● YOUR INSTRUCTIONS
Every line of the records below from the line with "2025年12月1日,学生在阿勒泰将军山国际滑雪度假区练习单板滑雪。新华社记者 阿曼 摄" up to and including the line with "Families bereaved through" must be reproduced exactly, and no line outside that range.
====== TASK MATERIAL
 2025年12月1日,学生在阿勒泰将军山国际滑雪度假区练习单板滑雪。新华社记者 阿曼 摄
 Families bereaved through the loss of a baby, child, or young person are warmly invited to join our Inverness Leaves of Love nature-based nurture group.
============
====== TASK MATERIAL
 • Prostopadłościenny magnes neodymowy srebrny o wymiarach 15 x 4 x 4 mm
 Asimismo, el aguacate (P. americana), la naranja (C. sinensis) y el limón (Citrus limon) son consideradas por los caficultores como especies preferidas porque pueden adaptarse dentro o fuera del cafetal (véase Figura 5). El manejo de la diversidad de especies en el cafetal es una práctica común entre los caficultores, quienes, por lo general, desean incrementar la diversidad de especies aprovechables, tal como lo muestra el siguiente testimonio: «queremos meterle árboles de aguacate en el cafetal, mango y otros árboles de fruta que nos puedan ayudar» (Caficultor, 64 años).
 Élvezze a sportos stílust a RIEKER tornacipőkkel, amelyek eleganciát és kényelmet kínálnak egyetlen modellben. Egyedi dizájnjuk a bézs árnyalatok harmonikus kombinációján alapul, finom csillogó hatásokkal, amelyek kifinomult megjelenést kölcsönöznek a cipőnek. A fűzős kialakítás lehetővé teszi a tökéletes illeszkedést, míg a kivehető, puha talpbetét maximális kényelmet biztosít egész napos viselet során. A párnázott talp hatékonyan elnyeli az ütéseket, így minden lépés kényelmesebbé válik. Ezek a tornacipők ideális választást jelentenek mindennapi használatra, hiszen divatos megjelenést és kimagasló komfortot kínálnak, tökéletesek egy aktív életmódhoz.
============
● ANSWER AREA
 2025年12月1日,学生在阿勒泰将军山国际滑雪度假区练习单板滑雪。新华社记者 阿曼 摄
 Families bereaved through the loss of a baby, child, or young person are warmly invited to join our Inverness Leaves of Love nature-based nurture group.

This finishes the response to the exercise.